Я была рада, что свет бил ей в глаза и тетя не могла увидеть выражения моего лица.
– Моя дорогая тетя Чэрити! – сказала я, неловко рассмеявшись. – Уверяю тебя, что нет ни малейших оснований за меня беспокоиться! Пусть все говорят о Фарленде Эмерсоне – мы с ним только друзья. Даю тебе слово. Он… он единственный мужчина, с которым я могу свободно разговаривать, и нам приятно общество друг друга – вот и все! Говорят, что мне грозит опасность быть скомпрометированной, – не удержавшись, добавила я, – из-за того, что я слишком много времени провожу с Фарлендом. Да, мне он нравится, тетя. И я ему доверяю. Между прочим, он ни разу даже не намекнул на что-нибудь непристойное! И меня совершенно не волнует его репутация – это всего лишь досужие вымыслы людей или то, каким он хочет предстать в их глазах! Конечно, у него надменный и циничный вид, он ни о ком и ни о чем не заботится, но под этой оболочкой… – Тут я замолчала, почувствовав, как мурашки побежали у меня по телу. Однажды Фарленд Эмерсон позволил мне заглянуть в глубины своей искореженной души…
– Ну что ты, дорогая! Я не хотела сказать, что… – Прикосновение теплых рук тети вывело меня из оцепенения, и я услышала свое неровное дыхание. – Ты глубокая натура, и у тебя есть дар понимать других людей, чего многие из нас лишены. Только… только обещай мне, что будешь осторожна!
Это было накануне свадьбы, и я собиралась снова кататься на лошади с Фарлендом.
– Я обещаю! – беспечно сказала я. – И я обязательно вернусь вовремя, чтобы успеть переодеться к обеду у твоей подруги. Папа тоже с нами поедет?
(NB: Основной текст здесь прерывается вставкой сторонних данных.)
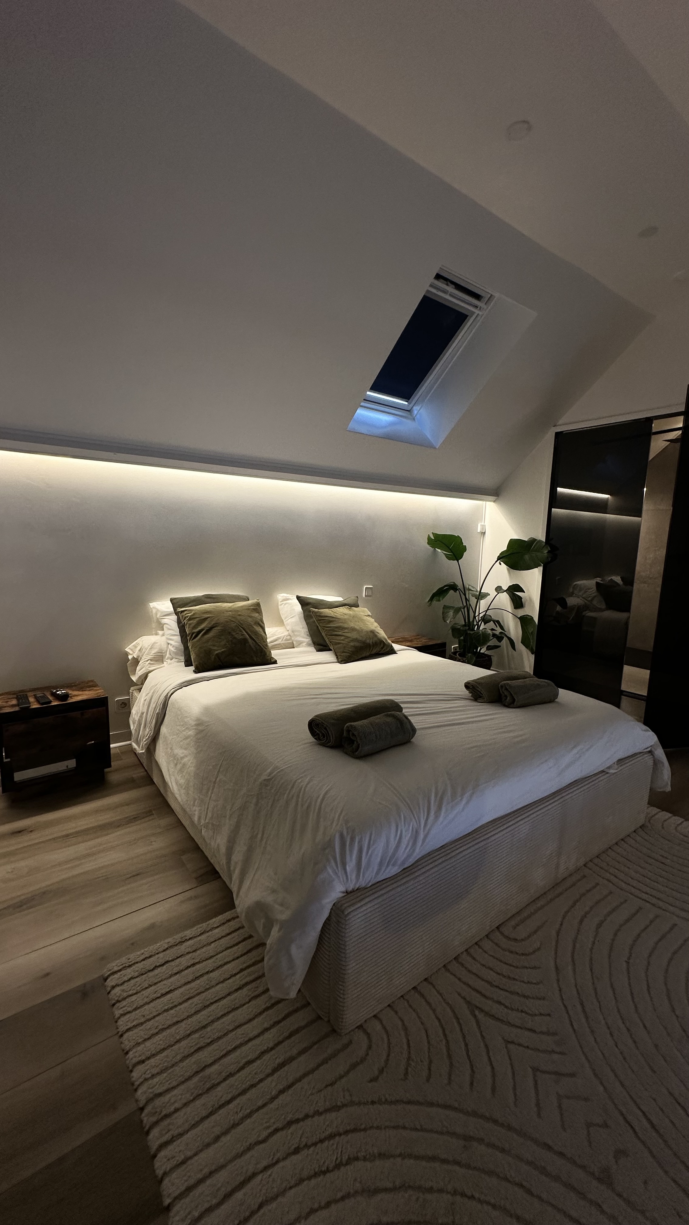 Suite atypique en duplex avec une décoration raffinée et un jacuzzi, à 45 minutes de Paris. L'ambiance verte et soignée en fait un lieu parfait pour une escapade romantique ou un week-end ressourçant, sans s'éloigner de la capitale. 🌿✨🛁

– Нет… Он еще с несколькими джентльменами отправляется в город играть в карты – вероятно, в какой-нибудь притон! – И добавила другим, уже не язвительным, а нарочито небрежным тоном: – Блейз обещал нас сегодня сопровождать, его тоже пригласили на обед.
Во время прогулки я чувствовала, что у меня внутри все кипит, и раздраженно кусала губы. Заметив мое состояние, Фарленд остановился и предложил разом с этим покончить:
– Если вы не в духе, то нет смысла себя мучить. Слезайте с лошади и сколько угодно колотите кулаками по земле! Или, может быть, хотите пострелять? Я найду вам много пустых бутылок!
– О, проклятие! Если бы мне не надо было уезжать из Калифорнии! Если бы я могла… если бы я могла убежать от всех и всего куда-нибудь… куда-нибудь! Плыть на корабле в шторм… скакать с дикими бедуинами по бесконечной пустыне… грести на каноэ, изучая какую-нибудь не нанесенную на карту реку! Даже, как мисс Найтингейл, отправиться сестрой милосердия ухаживать за бедными ранеными солдатами в Крым! Что-то делать… учиться… познавать жизнь, а не просто существовать как… растение!
– Браво! – как всегда, цинично произнес Фарленд и зааплодировал. – Я восхищен вашей любовью ко всему эффектному, моя дорогая Триста! И искренне надеюсь, что когда вы определитесь, что именно вам надо, то сумеете этого достичь. Только одно уточнение: зачем ограничиваться ролью сестры милосердия? Почему бы вам не стать врачом? Уверен, что не так уж много женщин способны принять такой вызов! – И тут же, пожав плечами, он ринулся со мной наперегонки.
Как обычно, я надела вместо своих громоздких юбок бриджи и старую рубашку Фарленда, которая здорово села и поэтому была мне впору. Раньше мне уже несколько раз почти удавалось победить Фарленда. На этот раз, на удивление, мне удалось его обогнать. Я с триумфом соскочила с маленькой кобылы и улеглась в тени, закинув руки за голову.
– Будь я проклят, если сейчас вы не похожи на мальчика! Где же ваше женское изящество, где ваши формы?
Я состроила гримасу:
– Вы говорите так потому, что проиграли. И черт с ними, с «женским изяществом и женскими формами». По-моему, так гораздо удобнее и естественнее одеваться. – Я повернула голову и взглянула в его красивое, бесстрастное лицо. – Знаете, мне действительно будет недоставать всего этого, – сказала я. – И особенно вашей дружбы. И не хмурьте так грозно брови, Фарленд Эмерсон! Я имела в виду именно то, что сказала.